オノ・ヨーコさん

ただの私 (講談社文庫)

 私が生まれた頃に書かれた本でした。

 生命力というのか、愛の大きさというのか、なにか大きなものを感じました。

 また印象に残ったところを書きとめておきます。

 

P20

 ・・・私がロサンゼルスにいるとき、急に思い立って、ニューヨークにいるアシスタントに電話を入れて、「今日、すぐD荘(注・ダコタ・ハウス)に電話して、空いているアパートがあるかどうか調べてちょうだい」と頼んだ。

 D荘というのは、セントラルパークが眼下に見渡せるところに建っている由緒ある建物であって、条例によって勝手に改築できないことになっている。

 それくらいの建物だから、アシスタントの返事も、「D荘には、大勢の人たちが入りたがっているから、三年くらいウェイティング・リストに入って待たなくちゃならないんじゃないか」ということだった。私は「でも、とにかく聞くだけ聞いてみてちょうだい」と頼んだ。

 するとニ十分くらいして電話がかかってきて、「驚いた」とアシスタントが興奮している。

「どうして?」

「いま電話したら、D荘のあるアパートが売りに出るので、明日、新聞に広告を載せることになっている」というのである。広告に出されたら間に合わなくなってしまうので、すぐにそのアパートをおさえてもらうことにしたのだった。

 こういう、テレパシー的経験は誰でも一度や二度は持っていることだと思うが、それがだんだん私の生活において数を増してきたような気がする。

 ・・・

 私はこのところずっと草と会話している。

 台所の窓辺に鉢をいくつか置いておく。その鉢に、私が食べた植物のタネをまく。タネが芽を吹き、伸びてゆく。

 私は毎日それを眺める。植物のほうも私を見ている。私が何を考えているかということが、ちゃんとわかっている。だから、私が悲しいときには、植物もうなだれてしまうし、悲しいことが長くつづくと、少し黄色くなったり、枯れてしまったりする。

 私は草に話しかける。「今日はとってもイライラしていてゴメンなさい」とか、「いま、とても疲れているの」とか。

 私が元気のいいときは、少しくらい水をやらなくても枯れたりしないのである。

 人間と植物の間にこうした関係が成り立つことは、世界中で色々な科学者が科学的に証明し出している。草や木と話し合いをしている人たちが、最近は非常に多いのだ。

 ・・・

 私自身、以前からコンサートの前には必ず一週間断食してきた。体のなかのものを全部吐き出してしまうと、神経が全然ちがってくる。それまでとはまったくちがうバイブレーションが出てくるのだ。
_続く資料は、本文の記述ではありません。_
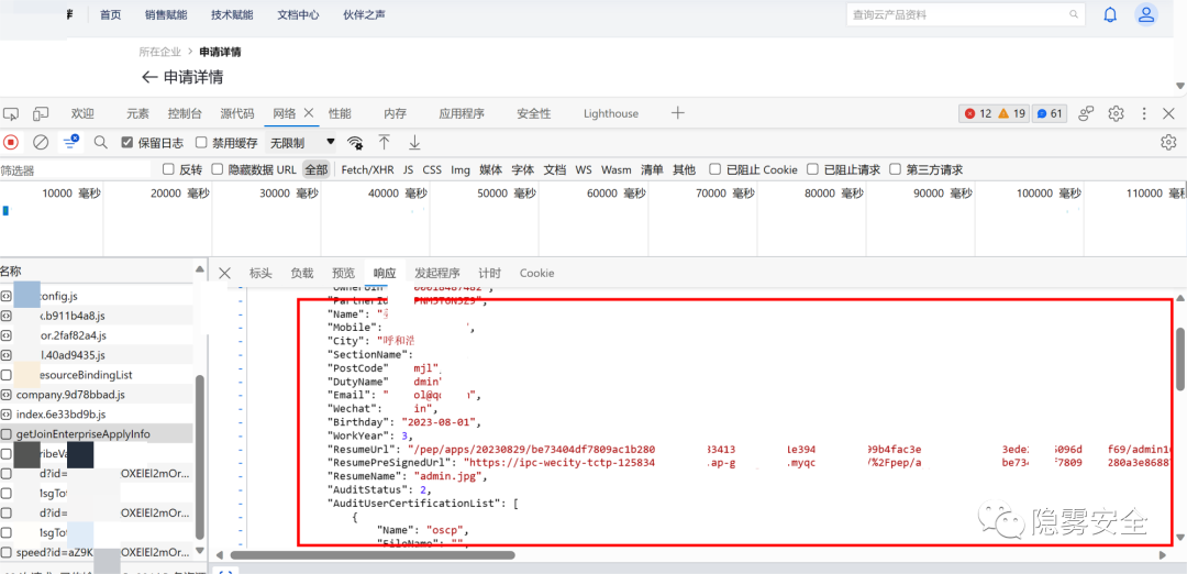 - 用浏览器抓取查看详情数据包。发现铭文的铭感数据,真实姓名,联系方式,简历链接等
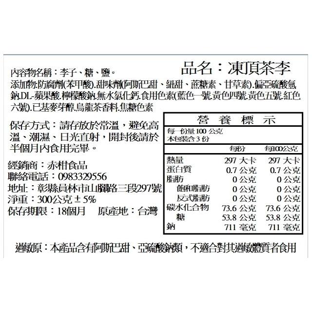 赤柑食品凍頂茶李 300g(蜜餞 果乾 李子 凍頂茶 台灣製造 古早味)
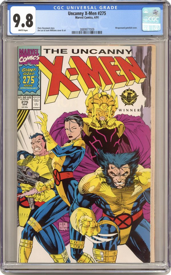 First Printing. Direct Edition. 52-page Special Giant-Sized Issue - "The Path Not Taken!" Part 2 of 4. Guest-starring the Starjammers, Nick Fury, and Ka-Zar. Story by Chris Claremont. Art and cover by Jim Lee and Scott Williams. The X-Men battle Deathbird and Shi'ar Imperial Guard for the fate of the universe. Plus, the students of Xavier's Institute are reunited with someone they never thought they'd see again. Meanwhile back on Earth, Nick Fury, Ka-Zar, Rogue, and Magneto mount a desperate attack to save mankind from the mad machinations of Zaladane! ***death of Zaladane Tri-fold cover by Lee/Williams. 54 pgs. Cover price $1.50. Grade: CGC 9.8 explanation of grade Condition: Used (collectible)
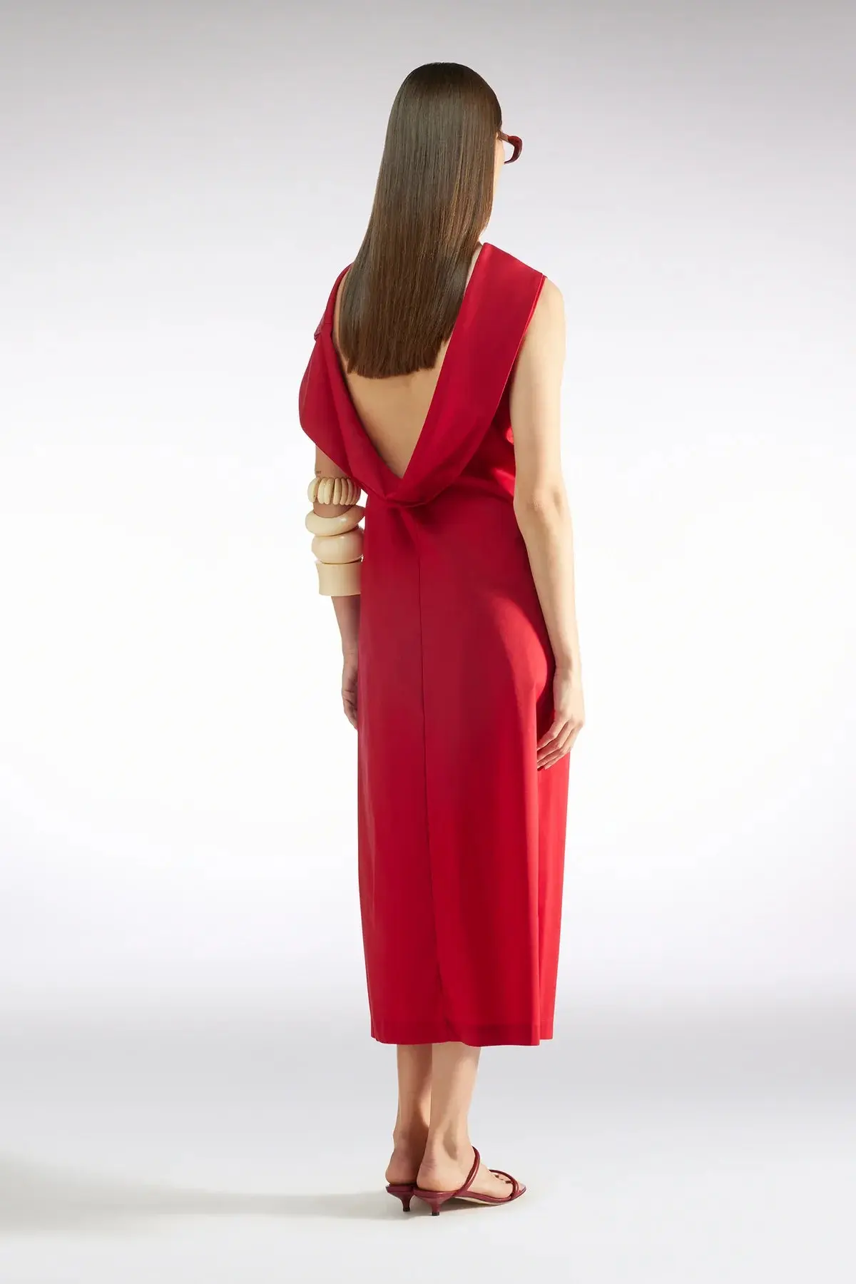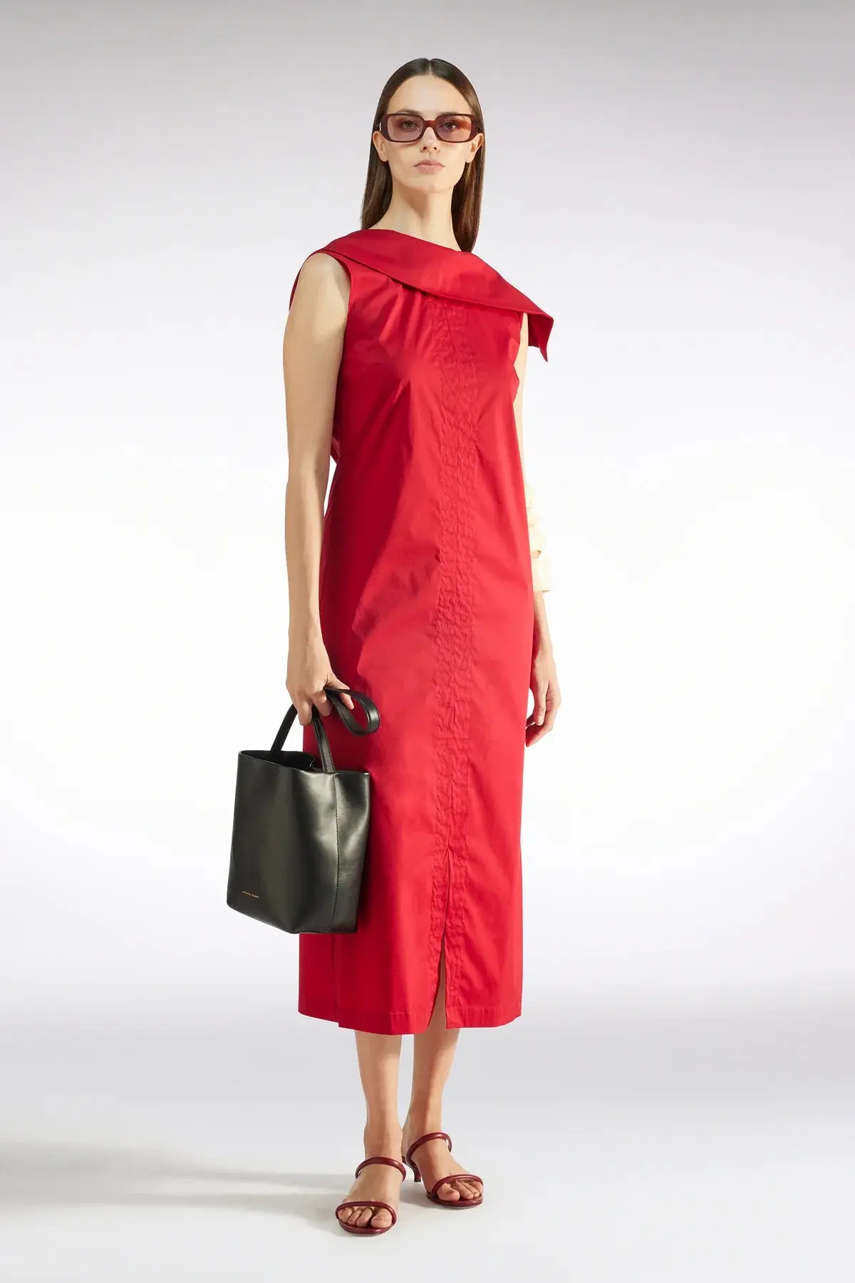 Effetto sorpresa per questo abito midi in cotone. Spacco centrale. Colletto a punta su di un lato e profonda scollatura dietro. Smanicato. Linea dritta e dettaglio di impunture sul davanti. Abbinalo a bracciali color oro e sandali gioiello per illuminare le tue serate estive.

 コンサートを前にして私が準備することは、自分のバイブレーションを最高のものにすること。発声とか楽器の練習は二次的なことだ。だいたい、芸を「見せる」ために舞台に立つなどというのは最低だと思う。コンサートはバイブレーションの交換だと思う。

 そして、その交換から出てきた美しいバイブレーションが、今度はそのコンサート・ホールから世界に対して、一つのバイブレーションとして送られる。

 人間と人間のコミュニケーションを復活させること、これが私が一番強く念願していることだ。

 ・・・

 もう一度本来の自分の身体に意識をもどしてみないか。鏡の前で裸の自分を見てみるといい。なんて美しい動物だ、と思うだろう。身体の隅々まで神経が行きとどき、細胞の一つ一つが生きている。

 そして電波なんぞよりよほど過敏なバイブレーションを、その身体から世界に対して絶えず発散しているし、また絶えず吸収している。・・・人間とは驚異である。